Microsoft has publicly criticized a security researcher known as "Nightmare Eclipse" for disclosing multiple zero-day vulnerabilities without prior coordination with the company. The flaws, named BlueHammer, RedSun, UnDefend, YellowKey, GreenPlasma, and MiniPlasma, affect widely used Microsoft products, including the Windows built-in antivirus engine Defender and the disk-encryption tool BitLocker.
Microsoft's Stance on Responsible Disclosure
In a blog post, Microsoft emphasized that the researcher did not follow the industry-standard Coordinated Vulnerability Disclosure (CVD) process, which requires researchers to report bugs to the vendor before making them public. The company stated that such uncoordinated disclosures put millions of customers at unnecessary risk by providing proof-of-concept code to malicious actors before patches are available.
Microsoft noted that it works with hundreds of security researchers annually through CVD, compensating them for responsible disclosures and publicly acknowledging their contributions. The company expressed strong opposition to disclosures outside proper coordination, warning that they have real-world consequences.
Real-World Attacks and CISA's Agreement
According to Microsoft, some of the vulnerabilities disclosed by Nightmare Eclipse have already been exploited by hackers in real-world attacks. The U.S. Cybersecurity and Infrastructure Security Agency (CISA) has also agreed with Microsoft's position, condemning the uncoordinated disclosure.
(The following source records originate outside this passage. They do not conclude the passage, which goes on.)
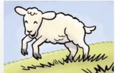
Lamb (see John 1:29)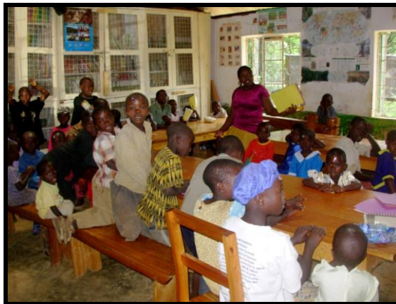
Kakamega Environmental Education Programme class

The cost of the trip will be approximately $4,000 and will be billed on your student account as a lab fee, thus enabling you to use your financial aid. In addition, you are encouraged to apply for a limited number of scholarships through the UNE Center for International Education.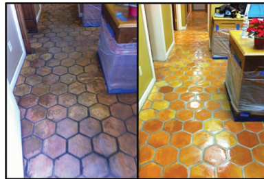
Before and After a Saltillo Tile Cleaning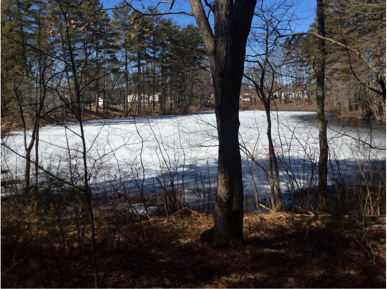
Caption: This is a view of the Cocheco River adjacent to the proposed project site.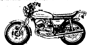
Come out ahead on a Kawasaki.

Microsoft's security teams have been working around the clock to develop updates and protect customers. The company's Digital Crimes Unit is actively pursuing legal action against threat actors and those enabling their criminal activity, coordinating with law enforcement globally.
Microsoft's Commitment to Security Research
Despite the criticism, Microsoft reiterated its commitment to supporting responsible security research. The company invites vulnerability submissions through its public researcher portal, regardless of past interactions or reputation. It also engages with the security community at conferences, appreciation events, and through daily collaboration to understand and address vulnerabilities.
Microsoft concluded that while disagreements may arise, it remains dedicated to transparency and dialogue to protect the digital ecosystem.